The irony is so thick you could cut it with a wooden spoon. The Democrats are trotting out every filly they have to run in the race started by Todd Akin's unfortunate comments about abortion last week. It begins to look as though Sandra Fluke (rhymes with look) is going to be the Dem's Joe the Plumber this election cycle. According to a response to a Michelle Malkin column, Fluke saw that Georgetown's insurance did not cover contraception and, "she decided to attend with the express purpose of battling this policy." If she is representative of the party, then another clear distinction between parties is being drawn.
Sandra Fluke made her debut in the news back in February when she protested the Georgetown University policy of excluding birth control from student health plans (see Washington Post.) This was in the midst of the media storm revealing that Obamacare would not give Catholic institutions an exemption from the requirement to provide birth control to employees, regardless of their long-standing opposition it.
The crux of Fluke's argument was that she represented a large body of women at Georgetown who wanted to have unrestricted access to birth control. Unless I am mistaken, the primary reason to take the pill is to prevent pregnancy, and pregnancy only happens after sexual intercourse. I think the Catholic church is also against that in extramarital circumstances. Doubtless some of the women Fluke claims to represent are married, thus avoiding the double jeopardy, but I have not found any indication that she meant to specify married women's rights, so her argument is twice flawed. She wants women to have the church-supported right to commit two sins (as defined by the Catholic church.)
While protestants agree to disagree on the ethics of birth control, there is no argument concerning sex outside of marriage: the Bible clearly says it is wrong. As Francis Fukayama insightfully suggested years ago in The End of History, easy access to effective birth control fundamentally changed society. Decoupling pregnancy from sexual coupling broke down the major barrier to non-professional female promiscuity. The subsequent lowering of resistance to and eventual wide acceptance of abortion as a method of birth control completed the revolution.
Society has arrived at the point where a woman not only can have, but according to Fluke, should be paid to have contraceptive options, making free love truly free, at least free of the emotional and financial burden of child rearing. One wonders, however, if there are not hidden costs in all this freedom. Not surprisingly, God had his reasons for sequestering sexual activity within the institution of marriage. In the same way that ignoring the law of gravity can have painful, long-term effects, flaunting the restrictions on sexual activity exact a price as well.
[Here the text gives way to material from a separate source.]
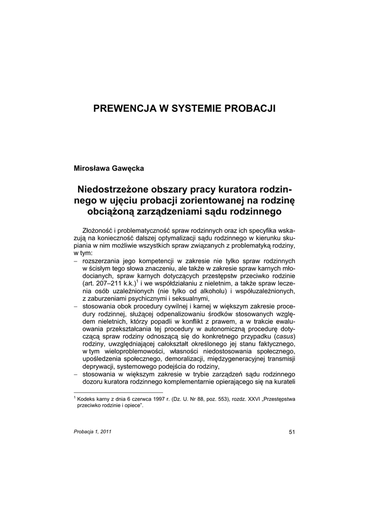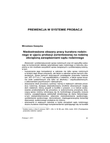 NiedostrzeŜone obszary pracy kuratora rodzinnego... PREWENCJA W SYSTEMIE PROBACJI Mirosława Gawęcka NiedostrzeŜone obszary pracy kuratora rodzinnego w ujęciu probacji zorientowanej na rodzinę obciąŜoną zarządzeniami sądu rodzinnego ZłoŜoność i problematyczność spraw rodzinnych oraz ich specyfika wskazują na konieczność dalszej optymalizacji sądu rodzinnego w kierunku skupiania w nim moŜliwie wszystkich spraw związanych z problematyką rodziny, w tym: − rozszerzania jego kompetencji w zakresie nie tylko spraw rodzinnych w ścisłym tego słowa znaczeniu, ale takŜe w zakresie spraw karnych młodocianych, spraw karnych dotyczących przestępstw przeciwko rodzinie (art. 207–211 k.k.)1 i we współdziałaniu z nieletnim, a takŜe spraw leczenia osób uzaleŜnionych (nie tylko od alkoholu) i współuzaleŜnionych, z zaburzeniami psychicznymi i seksualnymi, − stosowania obok procedury cywilnej i karnej w większym zakresie procedury rodzinnej, słuŜącej odpenalizowaniu środków stosowanych względem nieletnich, którzy popadli w konflikt z prawem, a w trakcie ewaluowania przekształcania tej procedury w autonomiczną procedurę dotyczącą spraw rodziny odnoszącą się do konkretnego przypadku (casus) rodziny, uwzględniającej całokształt określonego jej stanu faktycznego, w tym wieloproblemowości, własności niedostosowania społecznego, upośledzenia społecznego, demoralizacji, międzygeneracyjnej transmisji deprywacji, systemowego podejścia do rodziny, − stosowania w większym zakresie w trybie zarządzeń sądu rodzinnego dozoru kuratora rodzinnego komplementarnie opierającego się na kurateli 1 Kodeks karny z dnia 6 czerwca 1997 r. (Dz. U. Nr 88, poz. 553), rozdz. XXVI „Przestępstwa przeciwko rodzinie i opiece”. Probacja 1, 2011 51 M. Gawęcka kontrolującej i wspierającej konkretną rodzinę, w której zagroŜone jest dobro dziecka oraz łamane są zasady współŜycia społecznego. W systemie obowiązującego prawa rodzinnego centralną figurą jest dziecko, w tym sensie, Ŝe w kształtowaniu stosunków rodzinnych jego interes stanowi czynnik nadrzędny stanowiący obowiązujące wskazanie zarówno dla ustawodawcy, jak i organów stosujących prawo, a przede wszystkim jego rodziców. ZałoŜenie to określa się jako zasadę dobra dziecka. W praktyce orzeczniczej przyjmuje się, iŜ „dobro dziecka” oznacza prawidłowy jego rozwój psychofizyczny i duchowy2. Rozwój taki i warunki do takiego rozwoju najpełniej zapewnia dziecku rodzina (naturalna), a stąd wynika stosunek prawny łączący bezpośrednio rodziców z dzieckiem, a mianowicie: − dziecko pozostaje aŜ do osiągnięcia pełnoletności pod władzą rodzicielską, − powstaje ona z chwilą narodzenia dziecka i trwa do ukończenia przez nie 18 roku Ŝycia, − stanowi ona szczególnego rodzaju wieź prawną między rodzicami a dzieckiem, której treścią jest przede wszystkim: • obowiązek i prawo wychowywania dziecka przez rodziców z poszanowaniem jego praw i godności osobistej, • dbałość rodziców o zabezpieczenie interesów dziecka i pełny harmonijny jego rozwój, • takie wykonywanie przez nich władzy rodzicielskiej, jak tego wymaga jego dobro i interes społeczny. Stosunkowo pełną definicję władzy rodzicielskiej przedstawia K. Gromek3, bowiem przyjmuje ona, Ŝe władza rodzicielska jest to stosunek prawny łączący bezpośrednio rodziców z małoletnim dzieckiem w ten sposób, Ŝe przyznaje on rodzicom konglomerat praw i obowiązków względem dziecka w zakresie pieczy, reprezentacji i zarządu majątkiem dziecka, powiązanych funkcjonalnie z procesem jego wychowania oraz łączący pośrednio rodziców i dziecko z innymi podmiotami prawa, usystematyzowany zgodnie z zasadą dobra dziecka i interesu społecznego. Wskazując na powyŜszą definicję władzy rodzicielskiej, naleŜy podkreślić, powołując się na orzecznictwo (WSA w Warszawie z dnia 10 lutego 2005 r., IISA/Wa 1475/05), Ŝe treść władzy rodzicielskiej jest róŜna od jej wykonywania, a samo posiadanie władzy rodzicielskiej nie oznacza jej wykonywania. Wykonywanie władzy rodzicielskiej oznacza, Ŝe rodzice osobiście zajmują się sprawami dziecka. Wykonują ją osobiście w ten sposób, Ŝe zapewniają dziecku prawidłowy rozwój. W rozumieniu definicji władzy rodzicielskiej pro2 3 K. G r o m e k, Kuratorzy sądowi. Komentarz do ustawy z dnia 27 lipca 2001 r., Warszawa 2005, s. 64. K. G r o m e k, Kodeks rodzinny i opiekuńczy. Komentarze, Warszawa 2009, s. 1385. 52 Probacja 1, 2011 NiedostrzeŜone obszary pracy kuratora rodzinnego... ces wychowania odpowiada w języku prawa pieczy nad dzieckiem w szerokim rozumieniu działań opiekuńczo-wychowawczych (gdzie opieka jest funkcją zaspakajania potrzeb dziecka, wychowanie zaś funkcją wartości). Stąd zadaniem wychowania w rodzinie jest odpowiednie motywowanie dziecka przez rodziców do tego, aby odpowiednio wartościowało siebie i Ŝyło wartościowo, zadaniem zaś opieki, by tak Ŝyć mogło4. Co prawda, artykuł 48 Konstytucji RP zapewnia rodzicom pierwszeństwo i autonomię w wykonywaniu władzy rodzicielskiej, jednak w razie stwierdzenia nieprawidłowości w jej wykonywaniu kodeks rodzinny i opiekuńczy (dalej KRO) przewiduje sądową ingerencję w jej sprawowanie. Podstawę tej ingerencji stanowi ustawowa przesłanka zagroŜenia „dobra dziecka”. Z uwagi na przesłankę zagroŜenia dobra dziecka sąd opiekuńczy wydaje odpowiednie zarządzenia. Stąd zgodnie z art. 109 KRO sąd opiekuńczy moŜe w szczególności: − zobowiązać rodziców oraz małoletniego do określonego postępowania lub skierować rodziców do placówek albo specjalistów zajmujących się terapią rodzinną, poradnictwem lub świadczących rodzinie inną stosowną pomoc z jednoczesnym wskazaniem kontroli wykonania wydanych zarządzeń, − określić, jakie czynności nie mogą być przez rodziców dokonane bez zezwolenia sądu, albo poddać rodzi

Teen pregnancies and single-parent households, predominantly headed by women, are plaguing our society. No one can deny that these are results of sexual freedom and they cost us something.
Taking another tack, allowing men to have their choice of multiple sexual partners without committment does not raise the status of women; it lowers it. When women can dictate the terms of sexual engagement and demand commitment by the man, backed by society's moral framework, women become the real arbiters of power. But apparently the Fluke-style Democrat woman wants a different kind of freedom; she wants the freedom to have unlimited sex with any number of partners with no commitment by either participant. That is part of the Democrat platform. And it would be naive to deny that abortion is one nail in that party plank.
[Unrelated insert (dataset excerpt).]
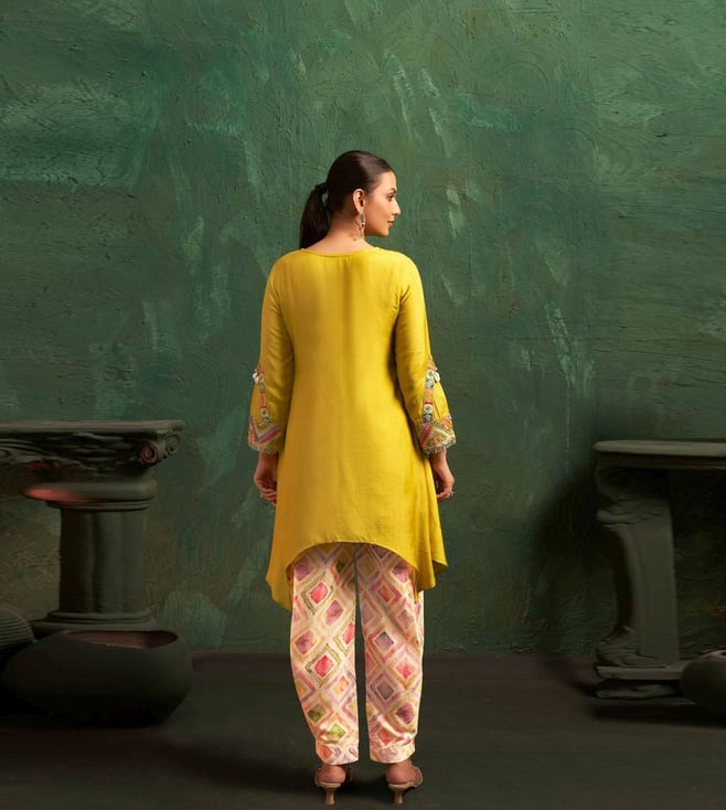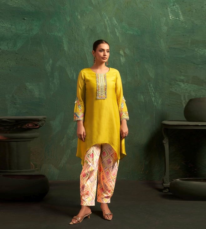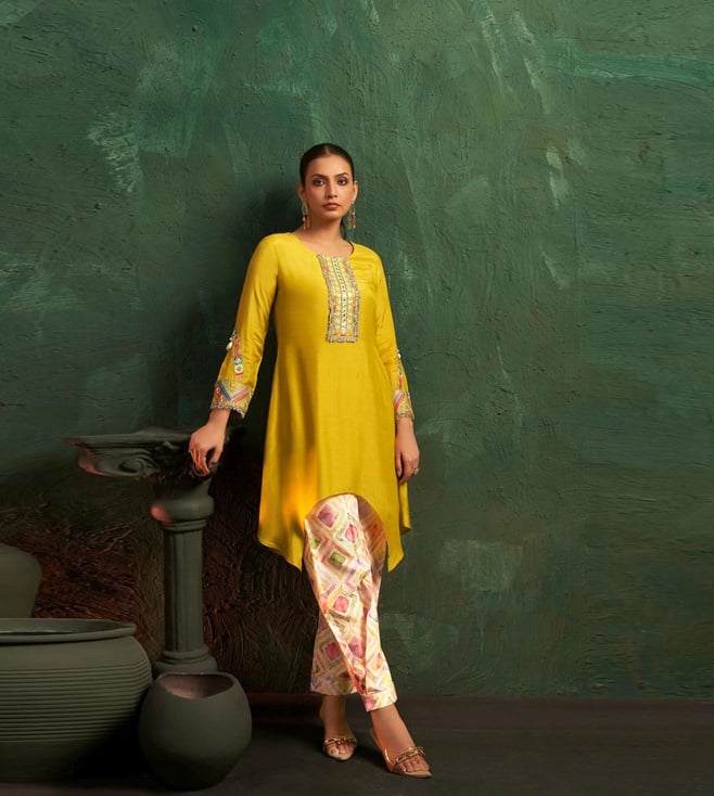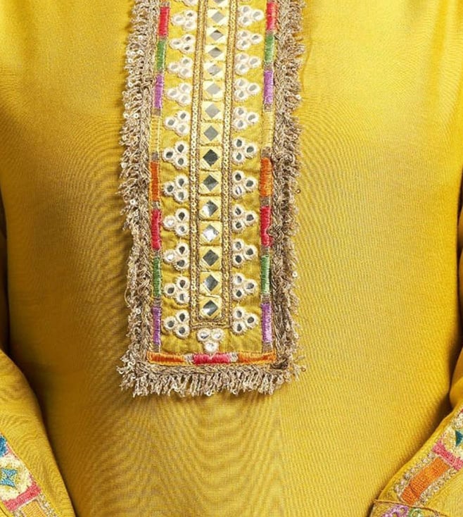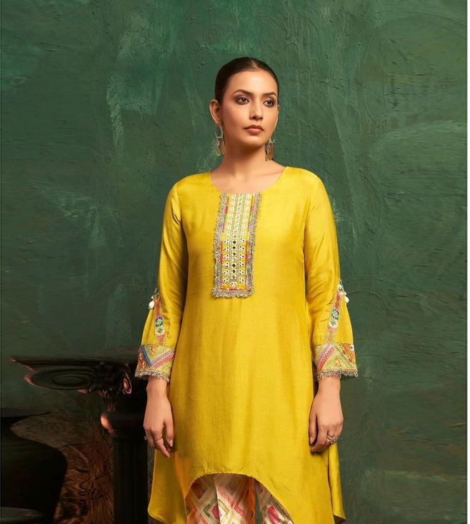Autumnlane Canary Yellow Ira Embroidered Regular Fit Fusion Wear Set

Progressives like to talk about abortion as a matter of women's reproductive rights. This terminology introduces a red herring: making abortion a reproductive right is the same as saying infanticide is a form of family planning. A woman's right to reproduce begins and ends with her right to control who gets into bed with her. "Not tonight , Dear; I have a headache," is supposed to be sufficient restraint for any gentleman. "Not until after the wedding," is supposed to be the societal norm, Christianly speaking. Once again, Fukayama agrees saying, "moral values and social rules are not simply arbitrary constraints on individual choice but the precondition for any kind of cooperative enterprise." Democrats don't agree.
No discussion of women's rights would be complete without a question about the rights of some 27 million women who have been murdered since 1973. That is approximately how many female fetuses have been aborted since Roe v. Wade. Forget for the moment that it is biologically, philosophically and Biblically sound to insist that human life begins at conception. If an acorns gets crushed, the forest is minus one oak tree; if a tadpole gets eaten, there will be one less frog in the pond; if an embryo, fetus or whatever one calls the product of human conception gets terminated, one less human will have the chance to breathe.
Here is the distinction: you can march with the Democrat party of Sandra Fluke, or vote Republican with someone like Michelle Malkin who chided Rush Limbaugh, but continued, "Young Sandra Fluke of Georgetown Law is not a “slut.” She’s a moocher and a tool of the Nanny State. She’s a poster girl for the rabid Planned Parenthood lobby and its eugenics-inspired foremothers." If there is a war on women, the Democrat's policies have far more "kills" than the Republicans. Anyone who still thinks the two parties are the same is not paying attention.